**The records**

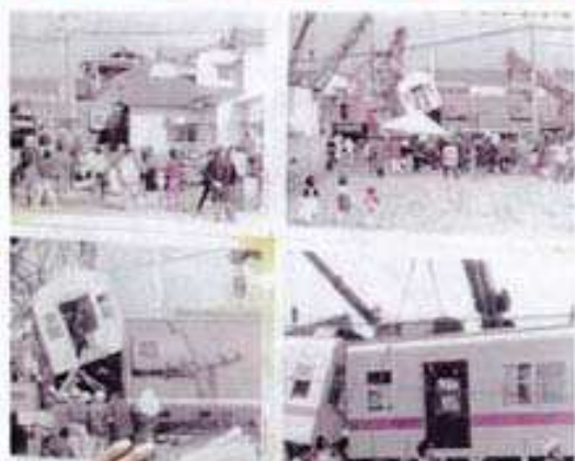
1975年(昭和50)年3月1日、井尻駅近くの踏切で発生した脱線事故の様子

平成28年6月 期成会の会長をはじめ、3000名を超える署名とともに、西鉄天神大牟田線井尻地区における連続立体交差化の早期実現を求める請願を市議会へ提出 同年12月 請願が全会派一致で採択される
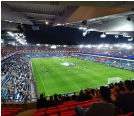
Abbildung 7: Fußballstadion Oslo (eigenes Foto, 2024)
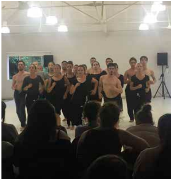
Les danseurs du CNDC en pleine répétition.

Léa M., 1 re Bac pro SAPAT MFR Saint-Barthélemy-d'Anjou.
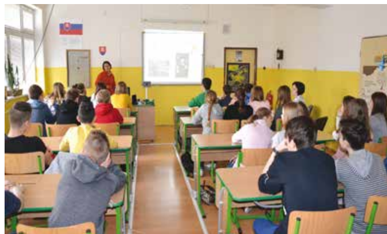
Prednáška o zelených strážcoch.
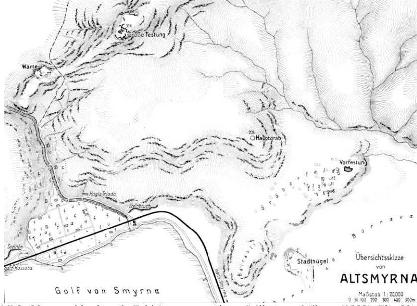
Şekil 2- 20. yüzyıl başlarında Eski Smyrna ve Civarı (Miltner ve Miltner (1932). Fig. 93'den)
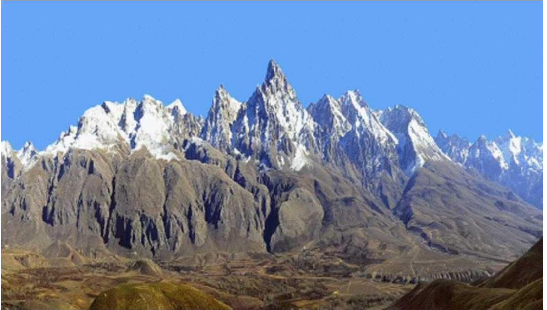
Şekil 5. Demirkazık Dağı.
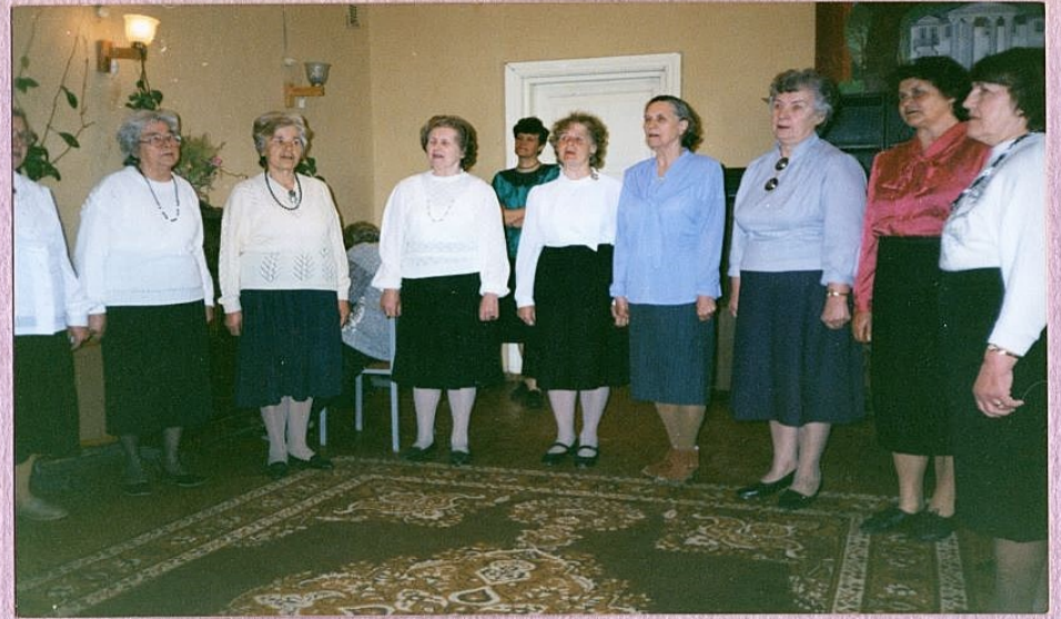
Pensionäride "Kodukolle" kontsert and ma Kõhu Hoddekodu) 1996

Väga väga ras nervad 1994 härte võngede inamõnna kõnnukile
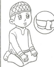
Duduk antara dua sujud
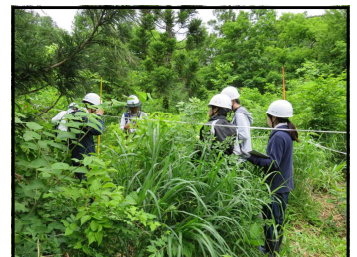
雨でびしょ濡れになりながら調査

今後、2箇所のプロットにおいて、地元鶴岡市のあさひ小学校5年生による更新補助作業(下草刈り、つる切り)や、山取苗、実生苗の植栽を予定しており、経年のモニタリング調査で、どのような状況変化が現れるのか大変興味深いところです。
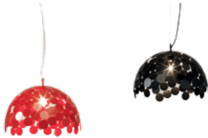
PLANET-0 DIVISUAL COMPOSÉ DE 250 DISQUES MÉTALLIQUES SOUDÉS À LA MAIN, CE LUMINAIRE JOUE CONSTAMMENT AVEC L'OMBRE ET LA LUMIÈRE. SA PARTICULARITÉ RÉSIDE DANS LE FAIT QUE, N'ÉTANT PAS CONÇU SELON UN MODÈLE DIGITAL, IL NE PEUT ÊTRE REPRODUIT À L'IDENTIQUE. CHAQUE EXEMPLAIRE EST DONC UNIQUE. WWW.DIVISUAL.IT
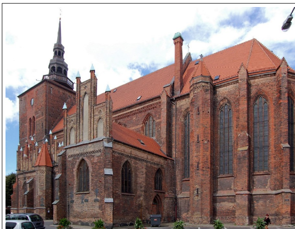
Fot. 13. Słupsk, kościół Najświętszej Marii Panny,
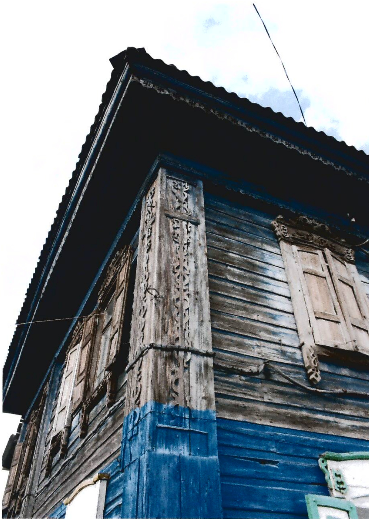
7. Дом жилой (конец XIX в.), Омская область, г. Тара, ул. Избышева 16. Фрагмент отделки фасада.
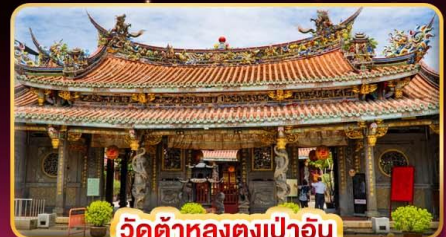
วัดต้าหลงตงเปาอัน

**Task objective**
The response should be the listing above, limited to the lines between the one holding "雨でびしょ濡れになりながら調査" and the one holding "今後、2箇所のプロットにおい", inclusive, reproduced exactly.

**Answer space**
雨でびしょ濡れになりながら調査

今後、2箇所のプロットにおいて、地元鶴岡市のあさひ小学校5年生による更新補助作業(下草刈り、つる切り)や、山取苗、実生苗の植栽を予定しており、経年のモニタリング調査で、どのような状況変化が現れるのか大変興味深いところです。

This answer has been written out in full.